*TASK DETAILS*. Each line from the one containing "Протокол матча Серция" to the last line of the listing below is to be duplicated exactly, and no picture is to be carried over.

*GIVEN MATERIAL*.
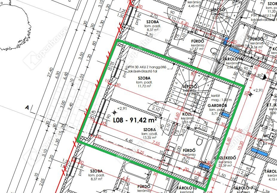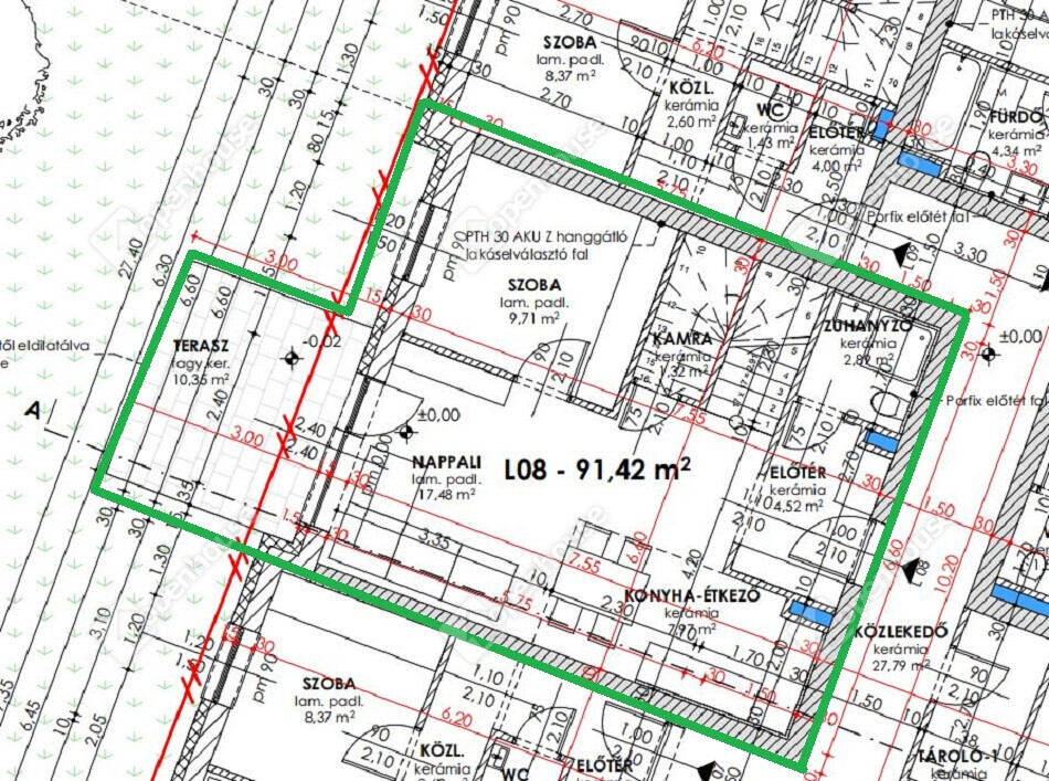 L8 számú lakás: földszinti 91,42 m2 alapterületű, 3 szoba nappali elrendezésű, 10,36 m2 terasszal.
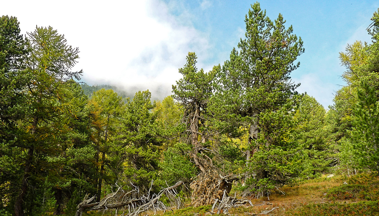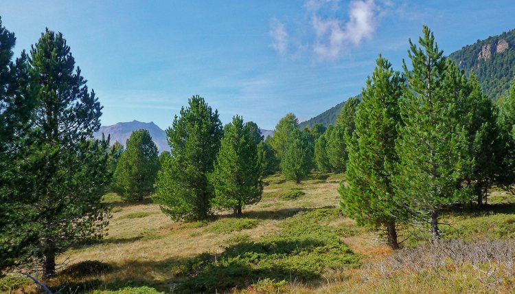 Ora il sentiero U49 prosegue in lieve discesa verso ovest, tra radi, grandi cembri dai tronchi contorti
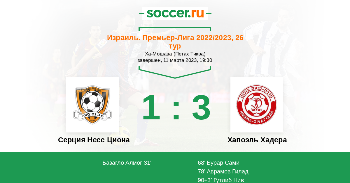Протокол матча Серция Несс Циона против Хапоэль Хадера
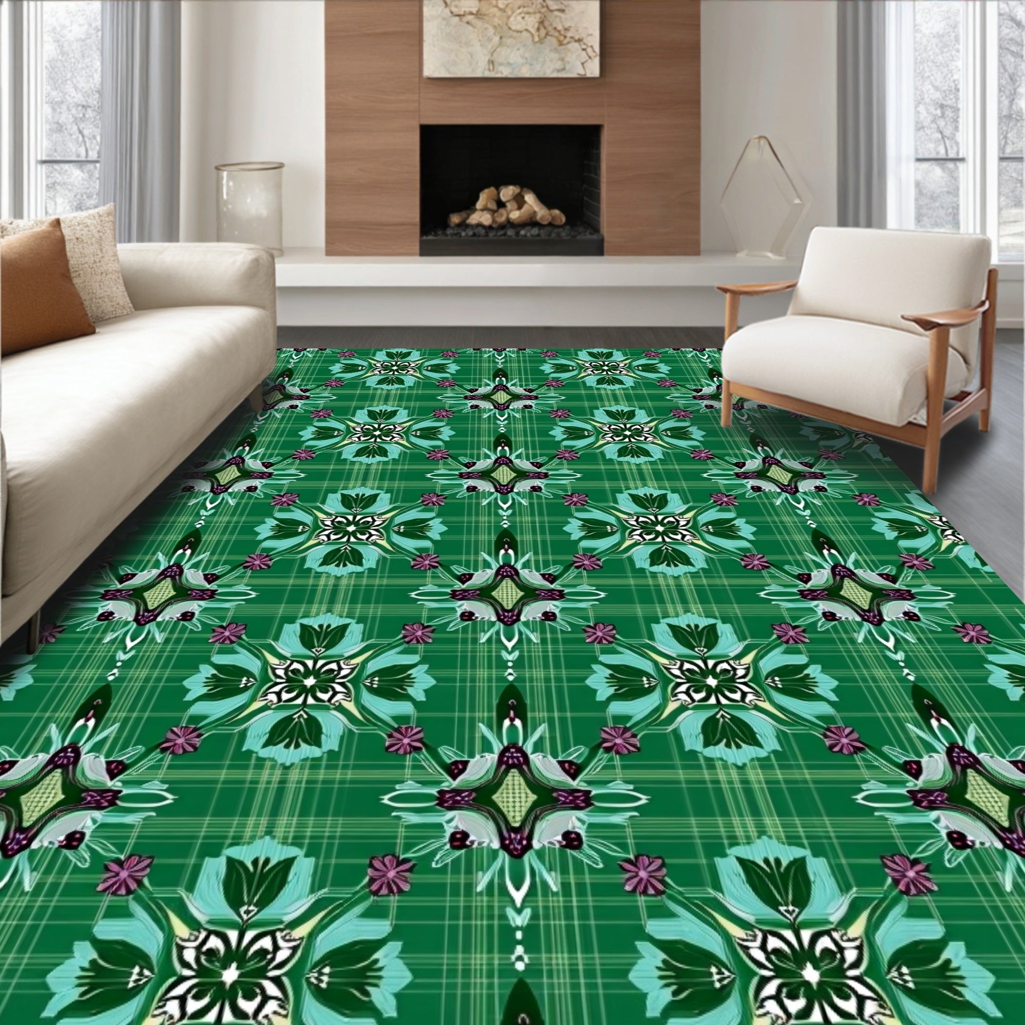 Festive Snowflake Plaid Holiday Pathway Accent(Green)

*SOLUTION TO THIS PROBLEM*.
Протокол матча Серция Несс Циона против Хапоэль Хадера
 Festive Snowflake Plaid Holiday Pathway Accent(Green)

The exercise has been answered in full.